→ **TASK BRIEF**:
With pictures excluded, copy word for word the lines in the data below from the line containing "Untuk pisang misalnya, Zeze" through the line containing "خاتم رجالي أنيق".

→ **DATA SECTION**:
#####

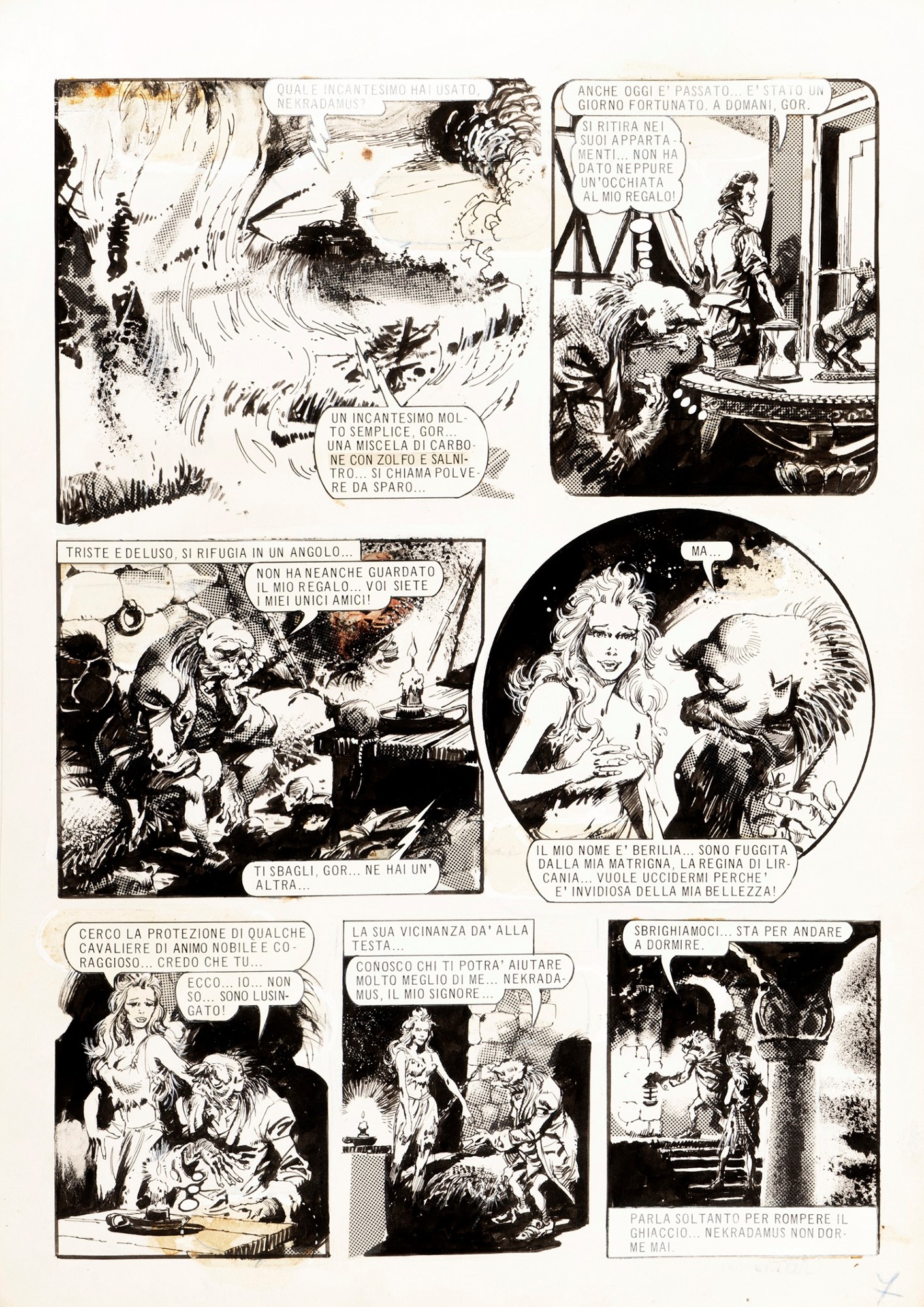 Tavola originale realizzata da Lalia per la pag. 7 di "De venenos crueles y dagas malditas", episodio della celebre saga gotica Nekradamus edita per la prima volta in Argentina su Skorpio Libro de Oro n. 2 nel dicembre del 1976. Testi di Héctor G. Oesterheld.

#####

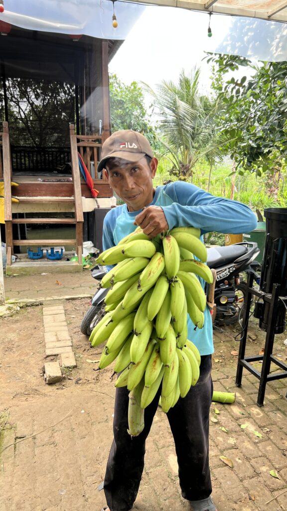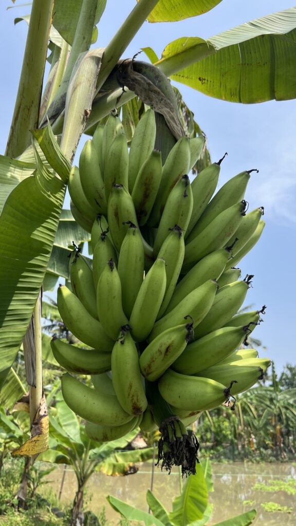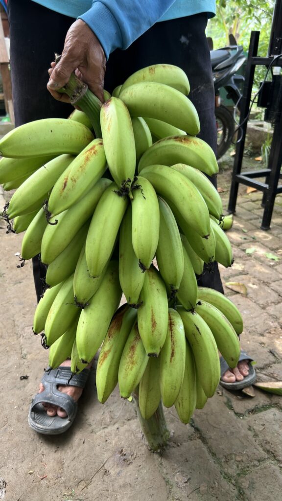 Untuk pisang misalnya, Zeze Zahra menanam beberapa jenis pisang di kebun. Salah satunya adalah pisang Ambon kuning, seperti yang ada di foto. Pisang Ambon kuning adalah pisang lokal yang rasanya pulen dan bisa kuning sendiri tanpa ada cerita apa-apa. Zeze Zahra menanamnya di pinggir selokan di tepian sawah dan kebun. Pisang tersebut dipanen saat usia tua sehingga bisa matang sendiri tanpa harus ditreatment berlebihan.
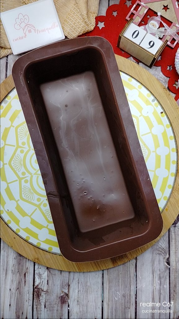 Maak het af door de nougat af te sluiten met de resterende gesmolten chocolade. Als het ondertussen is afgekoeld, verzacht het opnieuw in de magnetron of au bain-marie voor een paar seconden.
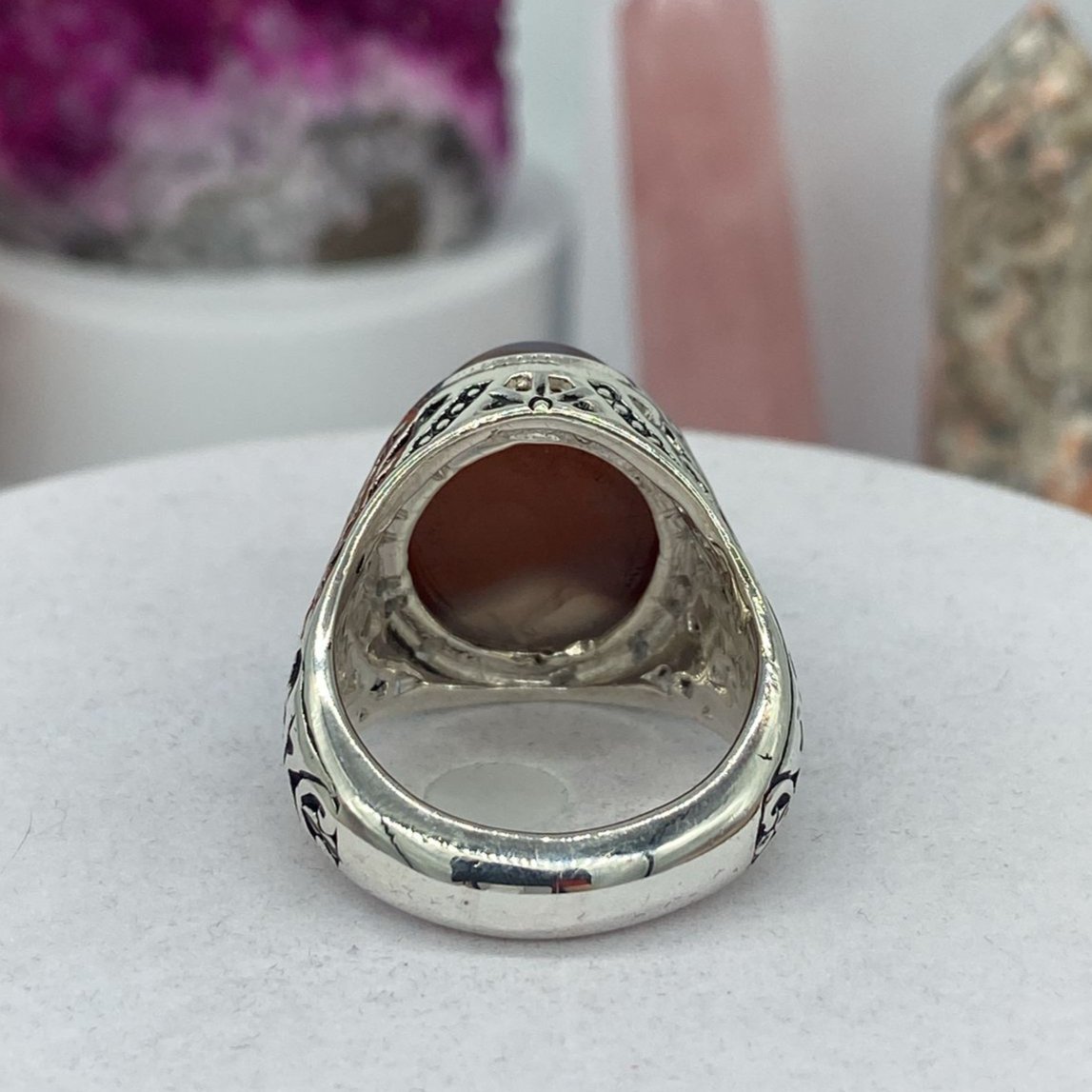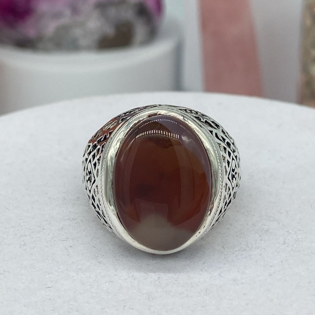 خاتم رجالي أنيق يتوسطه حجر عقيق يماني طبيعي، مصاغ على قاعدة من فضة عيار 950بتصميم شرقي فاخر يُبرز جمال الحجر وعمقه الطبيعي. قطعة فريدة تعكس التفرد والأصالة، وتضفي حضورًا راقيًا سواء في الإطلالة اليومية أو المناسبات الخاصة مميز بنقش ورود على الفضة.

#####

→ **SOLUTION TO THE EXERCISE**:
 Untuk pisang misalnya, Zeze Zahra menanam beberapa jenis pisang di kebun. Salah satunya adalah pisang Ambon kuning, seperti yang ada di foto. Pisang Ambon kuning adalah pisang lokal yang rasanya pulen dan bisa kuning sendiri tanpa ada cerita apa-apa. Zeze Zahra menanamnya di pinggir selokan di tepian sawah dan kebun. Pisang tersebut dipanen saat usia tua sehingga bisa matang sendiri tanpa harus ditreatment berlebihan.
 Maak het af door de nougat af te sluiten met de resterende gesmolten chocolade. Als het ondertussen is afgekoeld, verzacht het opnieuw in de magnetron of au bain-marie voor een paar seconden.
 خاتم رجالي أنيق يتوسطه حجر عقيق يماني طبيعي، مصاغ على قاعدة من فضة عيار 950بتصميم شرقي فاخر يُبرز جمال الحجر وعمقه الطبيعي. قطعة فريدة تعكس التفرد والأصالة، وتضفي حضورًا راقيًا سواء في الإطلالة اليومية أو المناسبات الخاصة مميز بنقش ورود على الفضة.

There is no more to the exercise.